Thursday, April 21, 2016

and I scream from the top of my lungs, what's going on?

Thursday, 04/21/16, 12:22pm

Today's post will probably end up being multi-tasked. I'm starting out typing between bites of my lunch and helping TK make his mini-pizzas. It's one of those totally not necessary things that I indulge him in sometimes. He loves the pizza lunchables. You've seen them before, right?

We only buy them when they're on sale for a $1 each and he doesn't eat them that often. Since we're at home we microwave them, so it's not even something he'll want to bring to school in kindergarten since he has no microwave to use there. He helps use the microwave at home since it's at his level.

TK and I are doing better today as a pair. Still no video games, which is FINE. Although I did allow one show this morning after my appointment and dropping Daddy off at work and a grocery run, a show that was a bit more educational, Word Girl. I needed the break to make sure I could succeed today. And maybe that's when I should have blogged, but really I needed some finish my show from yesterday time.
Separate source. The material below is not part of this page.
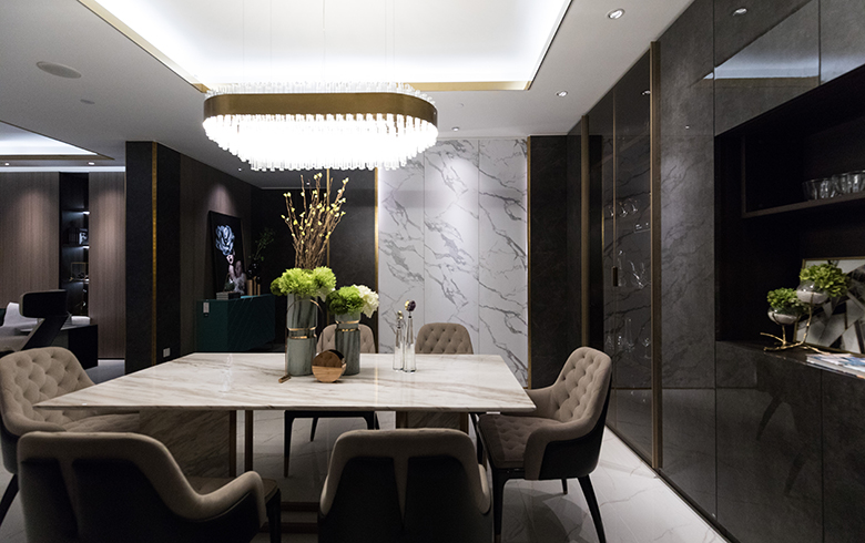 門廳護墻系統徜徉在經典與現代之間,行走在時尚的天平上,平衡著功能性與時尚美感,它是摩登而優雅的,將這種自然而富有美感的設計與傳統本土情懷結合,金屬黃銅線裝飾與木質天然紋理渾然一體,彰顯著華貴的生活氣息,低調而奢華。

Today is going to be better. Despite fighting tears on the drive to my appointment, despite almost crying several times in my psychiatrist's office, and despite a couple annoying comments from people in the grocery store.

Yeah I can't move on without explaining the annoying comments in the grocery store. It started with getting one of those car carts with TK. He wanted the all blue on, which was in the back. I had to move the one in front of it to get it out, but I figured it wasn't a big deal. But then those things are hard to move around- they're big, they're bulky, and they don't turn very well. But TK still likes them and every f-ing grocery store has them, and they're probably worse for spreading germs than the all metal regular carts, but whatever. The lady working at the store ended up helping me move the other cart out of the way and says "they don't even know how indulgent they are, right?" I don't know what I said back, something instinctual with how I socially interact with people I don't know to just nod and smile. But really that was a rather nasty comment! We all know it's not good to be indulgent, and she just managed to insult me and my child with that one statement. So that started off my trip to the store in a grumpy mood. And it's contributing me questioning everything I do with TK today as "am I being too indulgent?" Yeah, probably. Ugh.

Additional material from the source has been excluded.